Each study reviewed incorporated a variety of untargeted and targeted metabolomics platforms to measure the postprandial response. Untargeted metabolomics, often described as a “discovery-based” tool, uses 2 main analytical platforms. The first platform uses GC or LC to separate the metabolites, typically by polarity, and is paired with a mass spectrometer for ionization and detection. Six of the articles reviewed used chromatography and MS to quantify the untargeted metabolome (20, 21, 33, 39, 43, 44). Untargeted metabolomics platforms have been adapted and modified to quantify the lipidome, the complete lipid profile. Three manuscripts used chromatography and MS for untargeted lipidomics (25, 32, 37). Proton NMR, the second platform for untargeted metabolomics, was used by 7 of the studies (5, 23, 28, 29, 32, 33, 43).

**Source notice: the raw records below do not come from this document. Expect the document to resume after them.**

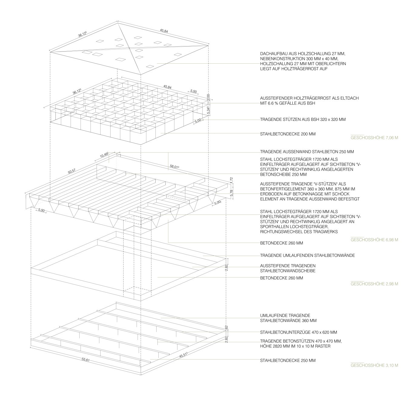Der konstruktive Entwurf versucht eine Verbindung von Entwerfen und Konstruieren in einem integrativen Sinne aufzuzeigen, dies bedeutet einen Entwurfsvorgang, der bereits wichtige Themen der Konstruktion, Fügung und Materialisierung von Anfang an mitbedenkt und als gestaltprägende Faktoren miteinbezieht. So werden städtebauliche Fragen oder Themen der typologischen Ordnung immer auch von der konstruktiven und technischen Anforderung her mitdiskutiert. Über den Zeitraum von einem Jahr können so sehr intensive, alle wesentlichen architektonischen Parameter diskutiert und entschieden werden, um am Ende idealerweise ein «baubares» Haus zu planen und darzustellen. Im ersten Semester werden die grundsätzlichen Entscheidungen bezüglich Städtebau, Gebäudekunde und architektonischer Haltung geklärt und als Thesen aufgestellt, während im zweiten Semester eine gründliche Durcharbeitung aller wesentlichen Komponenten zu einer möglichst konsistenten, realitätsnahen Darstellung führt, dies geschieht von Anfang an mit Modellen und Zeichnungen, die den Entwurfsansatz verdeutlichen und endet in großmaßstäblichen Abgabemodellen, Details und atmosphärischen Darstellungen, die den architektonischen Ausdruck und seine Fügung wiedergeben.
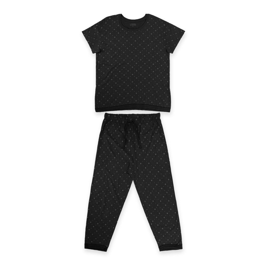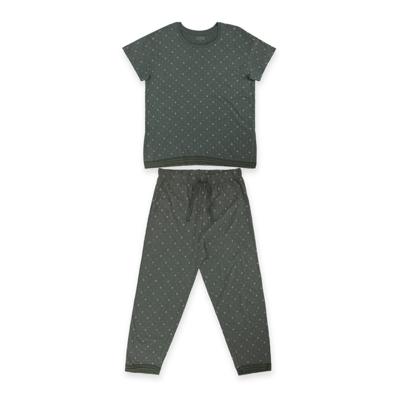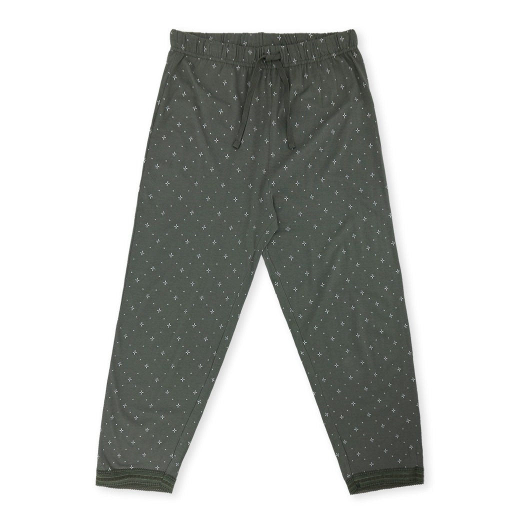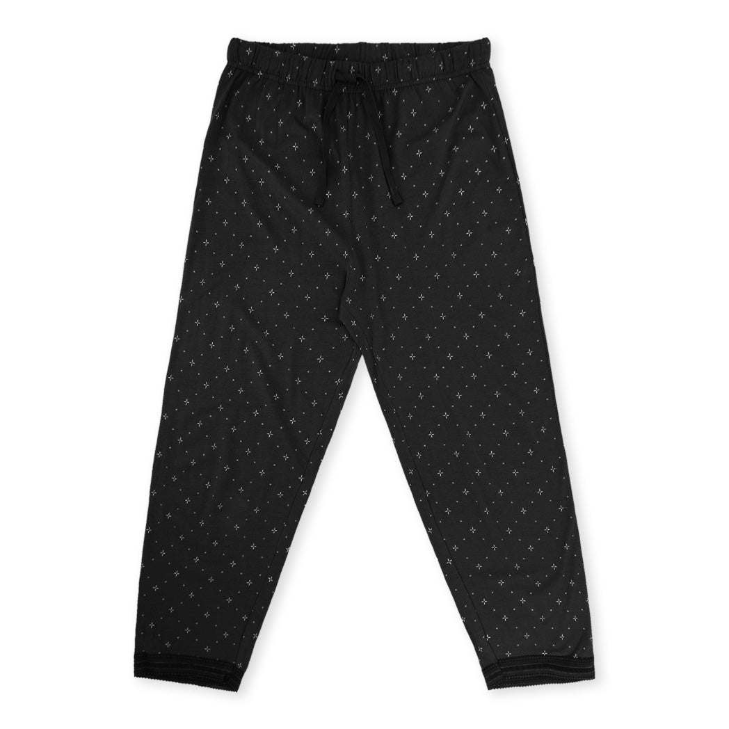 פיג'מת נשים מבד ריב דק ונעים עם מכנס ארוך ותחרה בשוליים, עם הדפס כוכביות אולאובר
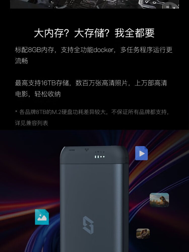 极空间NAS网络存储器智能移动式T2S随身个人私有云固态硬盘便携云存储服务器 随身智能魔盒 T2S
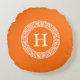 Pumpkin Wht Greek Key Rnd Frame Initial Monogram Round Cushion

In contrast, targeted metabolomics focuses on measuring specific metabolites and groups of metabolites with the capacity for absolute quantification when comparing to internal standards. The most frequently used targeted metabolomics platforms quantified amino acids (5, 22, 24, 26–29, 31, 35, 36, 38, 40, 41), FFAs (27–29, 31, 35, 41, 42), and ACs (5, 22, 24, 26, 30, 35, 38, 40, 41) (Supplemental Table 1).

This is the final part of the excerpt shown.